Debunking the Zero-Sum Game
The World is quickly turning into a Hacker Republic whereby those with the most informational and hacking superiority accrue all the power. We believe this is not inevitable.
Root causes are hypercomplexity, paradigms based on unverified trust and, ultimately, the unresolved apparent dichotomy between citizens’ right of privacy and nations’ duty of preserve cyber-investigation capabilities.
At TCA, we discovered that meaningful digital freedom and public safety are not an “either or” choice but a “both or neither” challenge, which can largely be solved by reconceptualizing IT security as a governance problem.

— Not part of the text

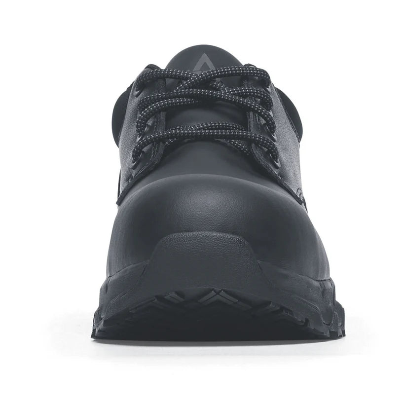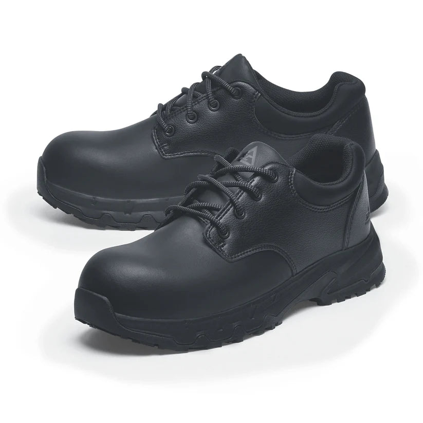 Built for demanding environments, the Barra Black safety shoe delivers reliable protection, comfort, and durability from the first step to the end of your shift. Engineered with a nanocomposite toe cap rated to withstand 200 joules and puncture‑resistant materials, it keeps your feet safe in high‑risk workplaces. A superior slip‑resistant outsole with TripGuard technology ensures stable footing on a wide range of surfaces, while the waterproof microfibre upper keeps you dry and comfortable throughout the day.

Radically increase IT and AI trustworthiness
Since 2013, we promoting the creation and wide adoption of new IT security standard setting and certification body – and a compliant open computing base and ecosystem – that radically-exceeds the state-of-the-art in trustworthiness of critical human computing IT and AI systems, while concurrently solidly enabling legitimate lawful access. Initially for mass-market human computing scenarios in the private sector, and then in critical governmental and AI. The new Certification Body, while free-standing as a voluntary public-private initiative, will also be proposed as a “schema” within the EU Cybersecurity Certification Framework and as a new initiative under UN International Telecommunication Union (ITU-T) processes.
Our Unique Paradigms
Cybersecurity is a governance problem
All and every software, hardware and processes that are critically involved in an IT service provisioning or lifecycle – from CPU design to fabrication, from hosting room access to standard setting – are subject to extreme verification relative to complexity, or to extremely resilient cyber-social oversight, based on offline citizen-witness or citizen-jury processes. We reconceptualize the cybersecurity of any given critical IT system/experience as the by-product of the intrinsic resilience, accountability, and competency of organizational and cyber-social processes.
Why do we need a new Certification Body?
Even the most secure IT certifications and technologies available today offer levels of trustworthiness – and trustworthiness measurability – that are radically-lower than what is required by many narrow- or wide-market critical societal use cases. This problem extends to critical AI systems, which must rely on such IT for their most critical “root-of-trust” sub-systems.
Extreme accountability and competency
The statute of the Trustless Computing Association and its planned Trustless Computing Certification Body are conceived to ensure they will sustainably remain extremely user-accountable, citizens-accountable, ethical and technically-proficient. By statute, it’s decision-making power will be transferred to a mix of end-users, informed random-sampled citizens, democratic nations, and top ethical cybersecurity experts.
A Quest for Freedom within & through IT
Trustless Computing Association and its spin-off startup TRUSTLESS.AI are primarily the fruit of 17 years of the single-minded quest by Rufo Guerreschi to realize the potential of ICT to radically improve individual civil freedoms and democratic participation, by founding multiple NGOs and startups in the areas of e-participation, free software, and bleeding-edge privacy-enhancing technologies and standards. In 2013, he crossed path with Roberto Gallo, on a similar quest with similar determination – and highly complementary skills – creating a steel bond that lasts to this day. Since 2015, it has accrued top governance, technical and end-user partners.
Trustless Computing Certification Body & CivicNet
Since 2014, the Trustless Computing Association has been promoting and building the Trustless Computing Certification Body, a new IT security certification body and schema, aimed at ultra-high, radically-unprecedented levels of trustworthiness; while at once solidly enabling legit lawful access. Both such goals are achieved primarily through (1) extreme levels of ethical and public security-review in relation to complexity of all tech and processes critically-involved in the entire lifecycle, down to CPU design and chip fabrication oversight; and through (2) extreme levels of citizen-accountability, independence, and technical proficiency of the governance and socio-technical process, including the wide utilisation of citizen-witness and citizen-jury based oversight processes.
In parallel, our public and private partners, our spin-off startup TRUSTLESS.AI, and our 15-25M€ TRUSTLESS Dual-Use Initiave are building SeeVik Net: a Trustless-Computing-compliant low-royalty open computing base, ecosystem and IT service. While initially offering high-level certifications targeted at the confidentiality, integrity and non-repudiability of the most critical civilian and governmental transactions and communications, TCCB will expand to other sub-domains, and to ultra-high availability use cases. It aims to be complementary, synergic and inspirational for existing and upcoming cybersecurity certifications. It will strongly promote downward compatibility in respect to EU Secret, eIDAS Qualified, Common Criteria EAL4, SOG-IS, and inspire future certification schemas within the new European Cybersecurity Certification Framework.